The Snapstream Enterprise TV appliance can record from up to six channels simultaneously, and provides nearly two months worth of fault-tolerant storage. These features allow the Department of Journalism to record all available news broadcasts on four channels, as well as ad hoc recordings on two other channels at the same time. Requesting recordings is no longer necessary- and the department can be assured that they will never miss a story.

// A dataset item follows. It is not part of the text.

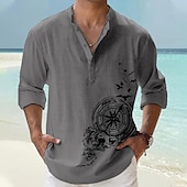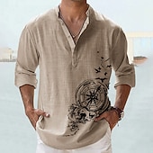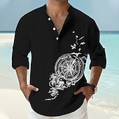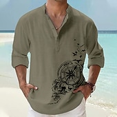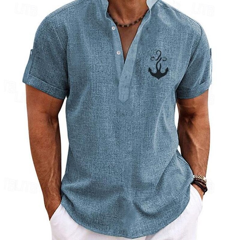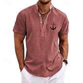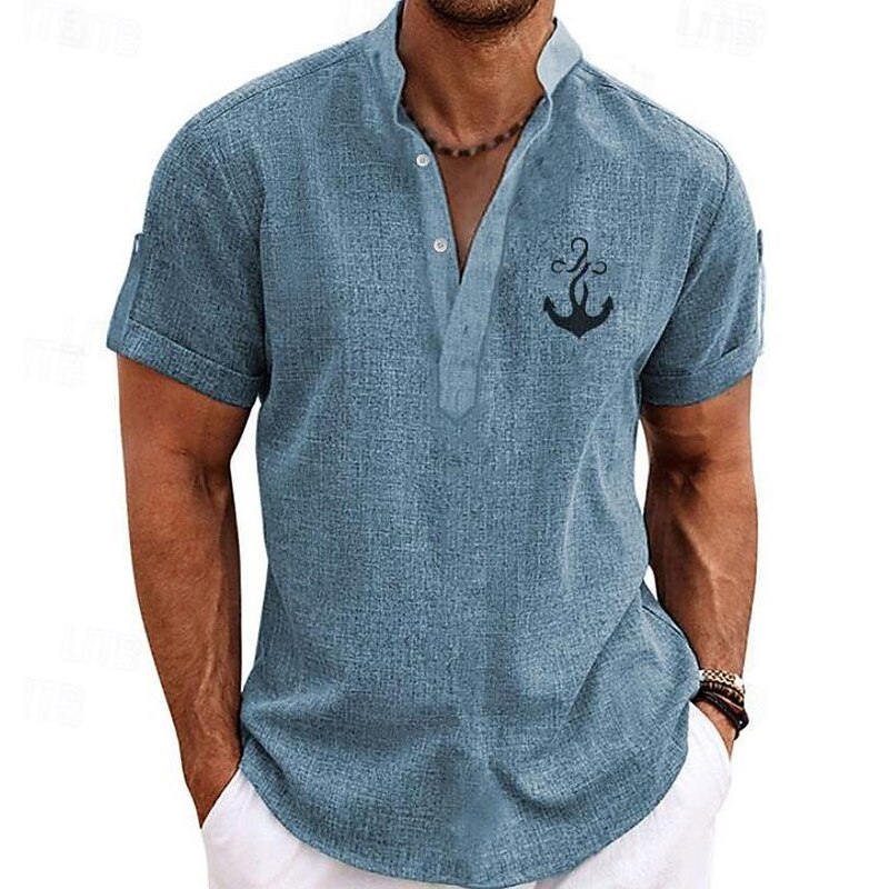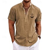 Highlights [Fabric] : Crafted from lightweight and breathable polyester, this men's shirt ensures comfort throughout warm spring and summer days. Its fabric is designed to offer a soft touch and ease of movement, making it perfect for outdoor adventures or casual outings. [Fit] : Featuring a regular fit, this shirt provides a relaxed yet chic silhouette. Its design effortlessly balances casual comfort with a touch of refinement, ideal for a versatile wardrobe staple. [Design Highlights] : The shirt boasts a modern stand collar and a classic button-up placket, complete with neat rolled sleeves to enhance its laid-back streetwear style. A distinctive graphic print and embroidered anchor pattern add a exclusive nautical charm, perfectly capturing a trendy, summery vibe. [Occasions] : Perfect for vacations, streetwear, daily casual outings, and outdoor activities. Whether you're heading to a beach outing or a casual night out, this shirt effortlessly combines style with practicality. [Size Range] : Available in sizes S, M, L, XL, XXL, and 3XL, catering to a wide range of body types and ensuring a comfortable fit for different individuals.

Emerson College SnapStream Configuration

Emerson College distributes commercial cable mixed with internal stations throughout the college via coaxial cable. The Snapstream Enterprise appliance resides in the college’s server room and is administered by their IT department (see Figure 1). The appliance is connected to the LAN, allowing any networked computer with the Link software to stream live TV and stream or download previously recorded TV. Users can save segments, which can then be edited or burned to DVD locally. Streaming TV can be projected for classroom presentations using Link clients in the department’s teaching labs.

About Emerson College

Emerson College is the only comprehensive college or university in America dedicated exclusively to communication and the arts in a liberal arts context. The College enrolls some 3,000 full-time undergraduates and 900 full and part-time graduate students in its School of the Arts and School of Communication. This diverse group of men and women come from 45 states and 40 countries. Emerson College is located in downtown Boston, at the gateway to the Theatre District. It also has facilities in Los Angeles and the Netherlands.


Figure 1: The SnapStream Enterprise TV appliance (blue) is rack-mounted in the Emerson College server room.

Figure 2: The SnapStream Enterprise appliance feeds content to computers in the Journalism Department’s teaching labs, which can be projected for classroom use.

Figure 3: A journalism department professor referencing recordings made with the Enterprise TV appliance.